Underlining YES Bank’s strong financials, its Managing Director and CEO Ravneet Gill says the 23 per cent fall in the bank’s share price on Tuesday had no correlation with the private lender’s performance. On Thursday, the YES Bank scrip closed with gains of nearly 33 per cent on the BSE. In an interview to BusinessLine , Gill said the bank is on track to raise capital and could see a significant dilution. He is also optimistic about the bank’s growth prospects and resolution of bad loans. Excerpts:

What led to the share price fall on Tuesday?

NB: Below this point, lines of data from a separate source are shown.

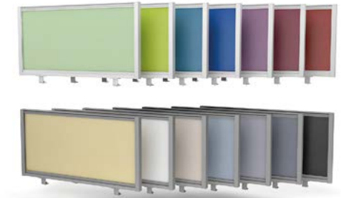
Opaque Privacy Screen in 13 Colours
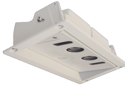
Figure 1. The Eurotech DynaPCN

They are designed for passenger counting above the doorways of buses and rolling stocks, as well as to count people as they enter or leave buildings or any area with restricted access.
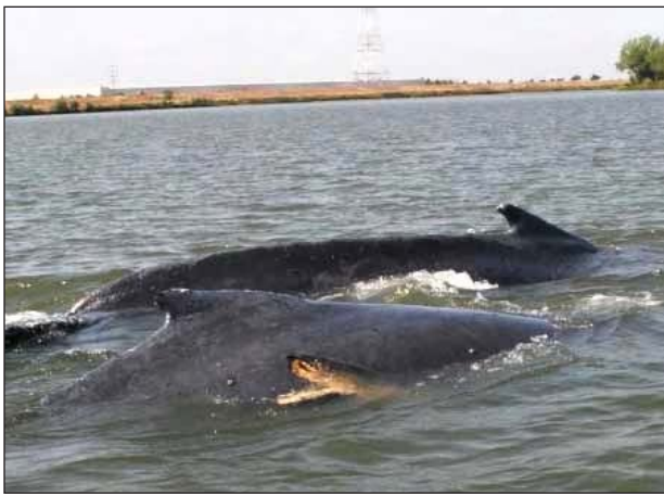
Humpback mother and calf pair, "Delta" and "Dawn", surfacing in the Sacramento River. Photo (courtesy California Department of Fish & Game) reveals an injury of unknown cause near the dorsal fin of one

A fragment of the maternally inherited mitochondrial control region was sequenced and compared to a dataset of approximately 1300 samples previously collected from across the North Pacific as part of the Structure of Populations, Levels
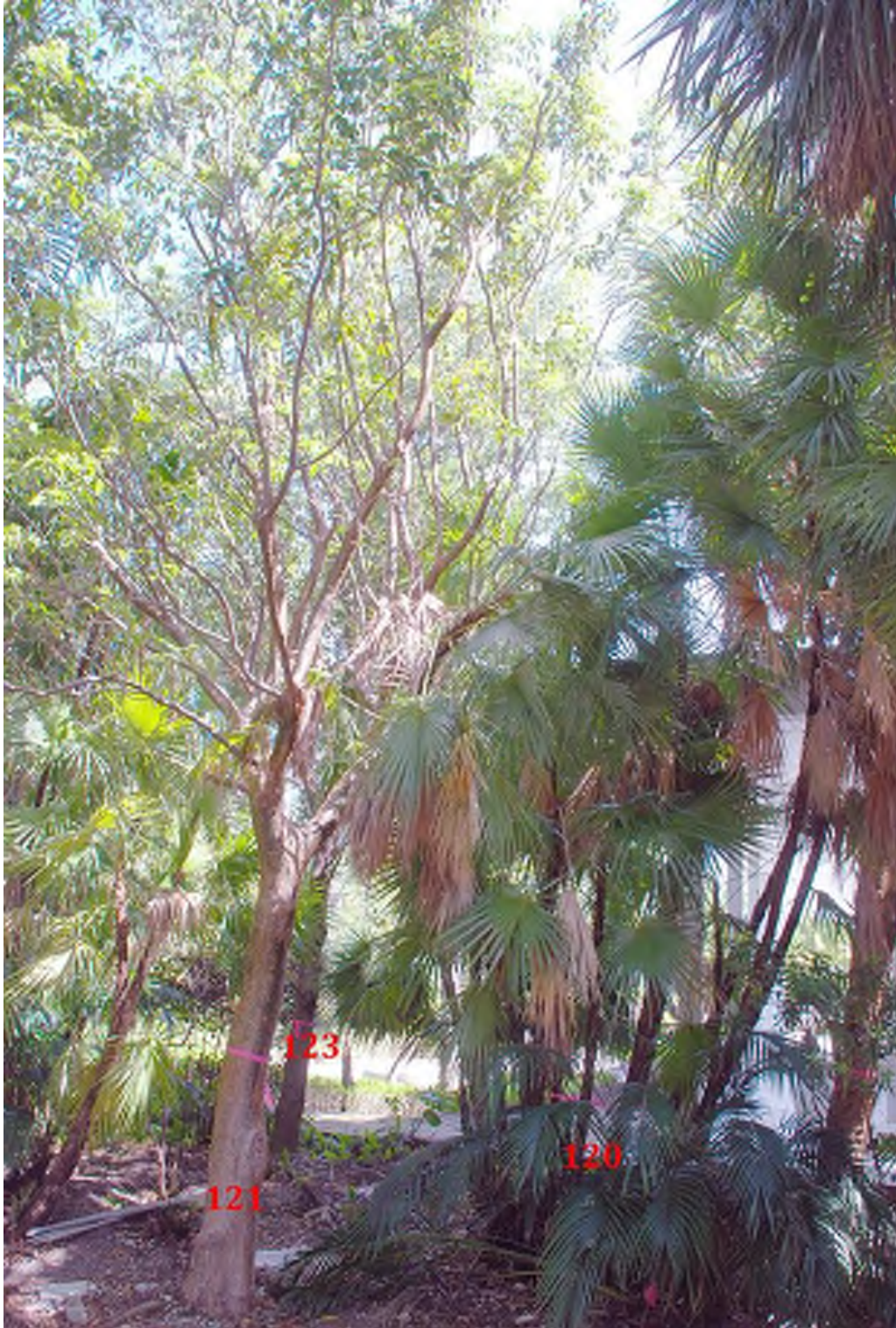
Photo 71 above is palm 120 & tree 121.
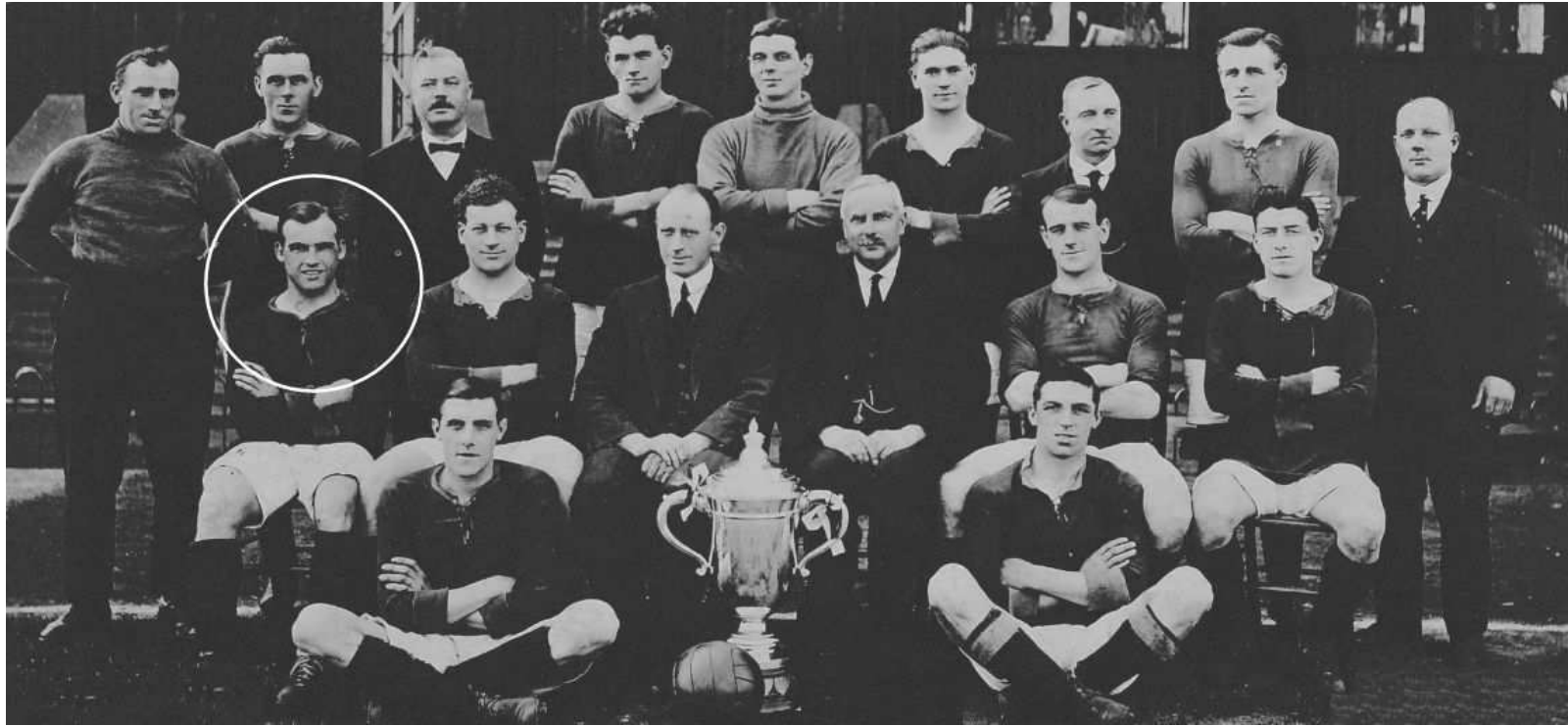
Charlton Athletic 1922-23
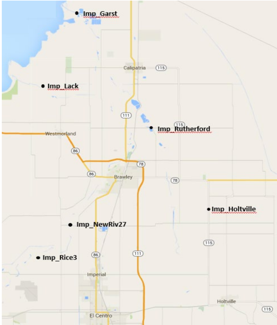
Figure 1. Monitoring Sites in Alamo River and New River in Imperial County.
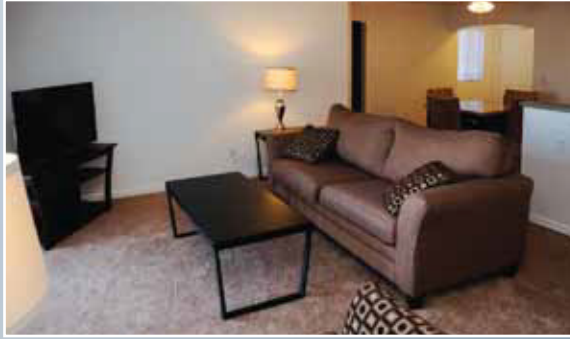
Floor plans range from 600 - 1346 SF
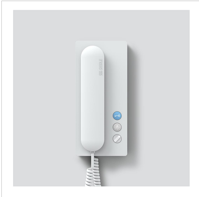
Standard in-house telephone HTS 811-0 W 200034360-00
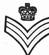
Sergeant (for other dress)
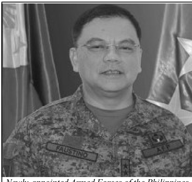
Newly-appointed Armed Forces of the Philippines

101st Infantry Brigade to ask permission to mount an attack. His request was granted as the brigade also positioned two to three tubes of 105mm howitzers ready to fire if needed.
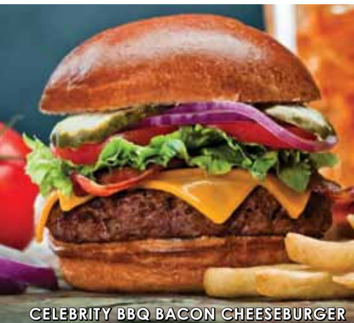
CELEBRITY BBQ BACON CHEESEBURGER
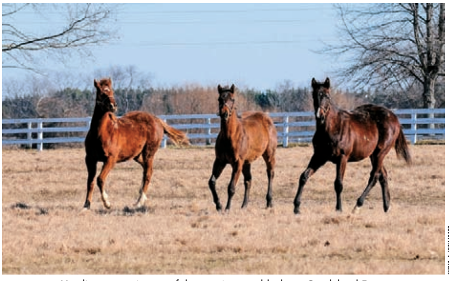
Yearlings romp in one of the spacious paddocks at Candyland Farm

"I sold my equipment leasing and security systems business to an English com-
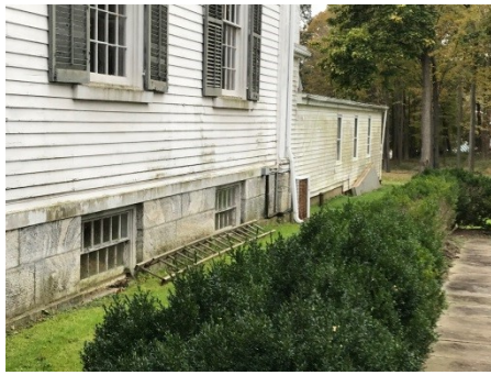
Where we started
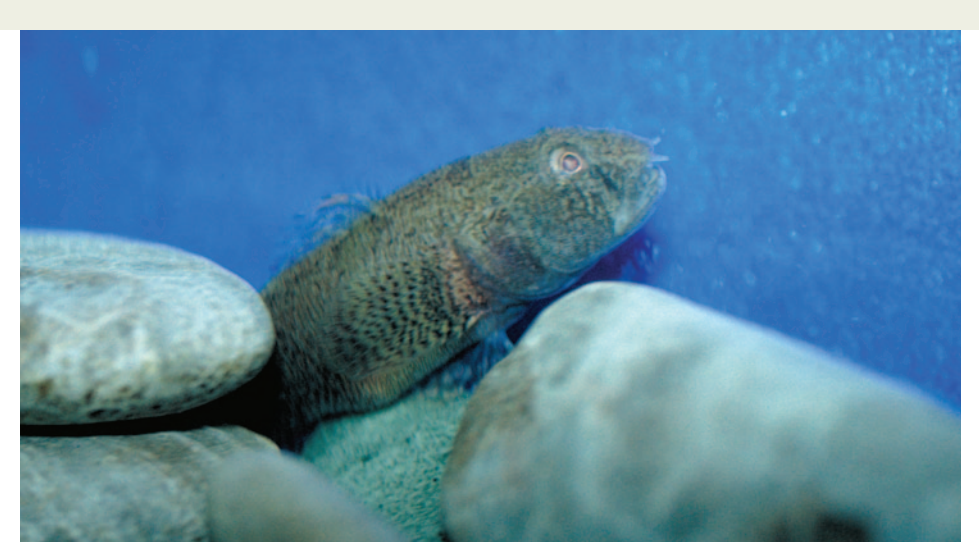
Tubenose goby.

Outside its native range, the tubenose goby is most abundant in the St. Clair River and Lake St. Clair. It is also found in Lake Erie, in Lake Superior at Thunder Bay, Ontario, and in Duluth Harbor, Minnesota. The fish has occasionally been sighted in the St. Lawrence River near Kingston, and in Lake Huron.

We knew the reason for the fall on October 1: the pledged shares had come into the market. The share price will recover at some point, but the concern was that depositors and clients should not draw a correlation between the share price and the bank’s core operating performance. Such anxiety can impact our liability franchise, which takes years to build. The way the share bounced back shows that people understood it was a one-off event and the bank is fundamentally sound.

Analysts say the falling share price will impact your ability to raise capital...

Typically, when the share price falls and the market capitalisation comes down, if you want to raise capital, the level of dilution goes up. Is the level of dilution a problem from the Board or the Reserve Bank of India perspective? Technically, the answer is no. But clearly, there are caps that the RBI puts on how much one individual shareholder can hold. That can become a challenge. We are talking to three sets of investors: private equity, Indian family offices, Indian and strategic investors. We think our eventual equity solution will be a combination of these.

How much of the stake would get diluted?

Let’s take a share price of about ₹50, I think the post-money dilution would be 32-33 per cent. When we brought up this issue at our last board meeting, the board was unanimous and every stakeholder was aligned to the fact that we must raise as much capital as the bank needs. We are in a silent period, and so it is difficult to give a timeline but we should have capital very soon.

YES Bank’s exposure to CG Power and Indiabulls, too, has impacted the share price...

In our fourth-quarter result, we had very clearly mentioned that Avantha Power was under stress and even though the asset was current, we had taken a 20 per cent contingency provision. So why was CG Power a surprise? The shares of CG Power were the collateral we were holding for Avantha Power. I later asked market participants why it created such an effect and they said the impression was that we had swapped debt for equity. Similarly, in terms of some of the exposures, we are not the only lenders. Other banks have also lent to them. I think the attention gets focussed on YES Bank because right now our capital buffers are not quite as thick as theirs are. I think this will change soon, when we are able to raise capital.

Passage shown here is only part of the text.